Tensorboard - 可视化 LSTM 的权重 [英] Tensorboard - visualize weights of LSTM

查看:52
本文介绍了Tensorboard - 可视化 LSTM 的权重的处理方法,对大家解决问题具有一定的参考价值,需要的朋友们下面随着小编来一起学习吧!

问题描述

我正在使用几个 LSTM 层来形成一个深度循环神经网络.我想在训练期间监控每个 LSTM 层的权重.但是,我不知道如何将 LSTM 层权重的摘要附加到 TensorBoard.

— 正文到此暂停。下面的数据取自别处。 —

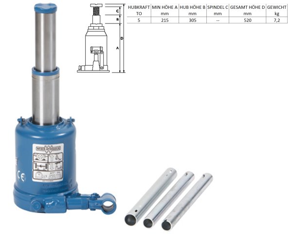 DOPPELTELESKOPHEBER 5-TonnenUnterstellheber mit zwei Kolben.

I am using several LSTM layers to form a deep recurrent neural network. I would like to monitor the weights of each LSTM layer during training. However, I couldn't find out how to attach summaries of the LSTM layer weights to TensorBoard.

关于如何做到这一点有什么建议吗?

Any suggestions on how this can be done?

代码如下:

cells = []

with tf.name_scope("cell_1"):
    cell1 = tf.contrib.rnn.LSTMCell(self.embd_size, state_is_tuple=True, initializer=self.initializer)
    cell1 = tf.contrib.rnn.DropoutWrapper(cell1,
                input_keep_prob=self.input_dropout,
                output_keep_prob=self.output_dropout,
                state_keep_prob=self.recurrent_dropout)
    cells.append(cell1)

with tf.name_scope("cell_2"):
    cell2 = tf.contrib.rnn.LSTMCell(self.n_hidden, state_is_tuple=True, initializer=self.initializer)
    cell2 = tf.contrib.rnn.DropoutWrapper(cell2,
                output_keep_prob=self.output_dropout,
                state_keep_prob=self.recurrent_dropout)
    cells.append(cell2)

with tf.name_scope("cell_3"):
    cell3 = tf.contrib.rnn.LSTMCell(self.embd_size, state_is_tuple=True, initializer=self.initializer)
    # cell has no input dropout since previous cell already has output dropout
    cell3 = tf.contrib.rnn.DropoutWrapper(cell3,
                output_keep_prob=self.output_dropout,
                state_keep_prob=self.recurrent_dropout)
    cells.append(cell3)

cell = tf.contrib.rnn.MultiRNNCell(
    cells, state_is_tuple=True)

output, self.final_state = tf.nn.dynamic_rnn(
    cell,
    inputs=self.inputs,
    initial_state=self.init_state)

推荐答案

tf.contrib.rnn.LSTMCell 对象有一个 property 称为 variables 对此有效.只有一个技巧:该属性返回一个空列表,直到您的单元格通过 tf.nn.dynamic_rnn.至少在使用单个 LSTMCell 时是这种情况.我不能说 MultiRNNCell.所以我希望这会奏效:

tf.contrib.rnn.LSTMCell objects have a property called variables that works for this. There's just one trick: The property returns an empty list until your cell goes through tf.nn.dynamic_rnn. At least this is the case when using a single LSTMCell. I can't speak for MultiRNNCell. So I expect this would work:

output, self.final_state = tf.nn.dynamic_rnn(...)
for one_lstm_cell in cells:
    one_kernel, one_bias = one_lstm_cell.variables
    # I think TensorBoard handles summaries with the same name fine.
    tf.summary.histogram("Kernel", one_kernel)
    tf.summary.histogram("Bias", one_bias)

然后你可能知道怎么做,但是

And then you probably know how to do it from there, but

summary_op = tf.summary.merge_all()
with tf.Session() as sess:
    sess.run(tf.global_variables_initializer())
    train_writer = tf.summary.FileWriter(
        "my/preferred/logdir/train", graph=tf.get_default_graph())
    for step in range(1, training_steps+1):
        ...
        _, step_summary = sess.run([train_op, summary_op])
        train_writer.add_summary(step_summary)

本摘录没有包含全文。